Nell’ex cappella – che ancora custodisce un dipinto del santo al quale era dedicata, Sant’Antonio Abate – è stato infine ricavato un bar: ma con statue nelle nicchie, scritte e arredi che ricostruiscono in modo parodistico e dissacrante spazi, messaggi, simboli di un luogo di culto cattolico. Il locale, «identificato nel profilo Facebook come “chiesa del peccato”, suscita non poche perplessità per la modalità della comunicazione e dei contenuti che la accompagnano», esordisce il comunicato dei sacerdoti. Perplessità condivise da molti, e che hanno portato la Polizia locale a denunciare per vilipendio alla religione il rappresentante legale del bar.
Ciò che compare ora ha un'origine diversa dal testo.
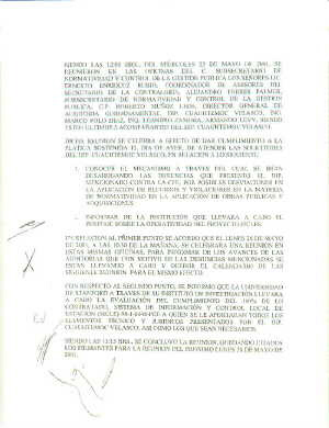 SIENDO LAS 12:00 HRS., DEL MIERCOLES 23 DE MAYO DE 2001, SE REUNIERON EN LAS OFICINAS DEL C. SUBSECRETARIO DE NORMATIVIDAD Y CONTROL DE LA GESTIÓN PÚBLICA LOS SEÑORES LIC. ERNESTO ENRIQUEZ RUBIO, COORDINADOR DE ASESORES DEL SECRETARIO DE LA CONTRALORÍA, ALEJANDRO TORRES PALMER, SUBSECRETARIO DE NORMATIVIDAD Y CONTROL DE GESTIÓN PÚBLICA, C.P. ROBERTO MUÑOZ LEOS, DIRECTOR GENERAL DE AUDITORÍA GUBERNAMENTAL, DIP. CUAUHTÉMOC VELASCO, ING. MARCO POLO DÍAZ, ING. LEANDRO ZAMORA, ARMANDO LEVY, SIENDO ESTOS ÚLTIMOS 3 ACOMPAÑANTES DEL DIP. CUAUHTÉMOC VELASCO.

«Certamente si fa leva sull’intercettare la curiosità dei possibili fruitori di fronte ad una proposta, che forse ha l’intenzione di provocare una rottura con un ambiente e una cultura che si ritengono superati», riflettono i sacerdoti di Marigliano. «È proprio però partendo da questo principio che si compiono diversi “scivoloni” di stile. Intanto non si costruisce il nuovo assumendo luoghi, segni e parole e facendone un uso definibile, quanto meno, di basso profilo: il nuovo può essere sicuramente attuato, ma nel rispetto di quanto ci ha preceduto e lasciando che ogni situazione e cultura sia rispettata». «Così – riprende la nota – l’aver usato la definizione di “chiesa del peccato” e aver banalizzato espressioni – “prendete e bevetene tutti” – che per un gran numero di persone rivestono ben altra portata, o ancora “abbiate fede”, in un contesto ilare e, probabilmente nelle intenzioni degli scriventi, ironico è veramente una grande mancanza di misura».
Ebbene, «la scelta di immagini care alla tradizione di molti, raffiguranti il simulacro di Gesù o della Vergine Maria, ricollocati in un contesto così particolare e invitante al consumo, veramente è un utilizzo fuori luogo. Il clamore non va sempre di pari passo col buon gusto e lo spettacolare talvolta scade nel trash, questa operazione ha portato questa logica alla sua massima espressione». Come pastori che «su questo territorio pongono il proprio servizio non possiamo tacere quando ci sono manifestazioni di questa portata: lo dobbiamo alla cultura che viviamo, alla memoria della fede di chi ci ha preceduto e alla consegna alle nuove generazioni del senso della misura, del bello e dell’opportuno che sempre devono rappresentare i punti di riferimento in una società civile». In conclusione «le forme per dirsi contrari al dilagare di queste espressioni potrebbero passare attraverso proclami o condanne», che però rischiano di «lasciare il tempo che trovano», se non di fomentare «curiosità e chiacchiericcio» a tutto vantaggio del locale. C’è «un’altra possibilità», suggeriscono i sacerdoti: il «dissenso civile» che «si attua attraverso il non pubblicizzare e non frequentare questi luoghi che, di un linguaggio volgare e inopportuno, fanno la propria vetrina».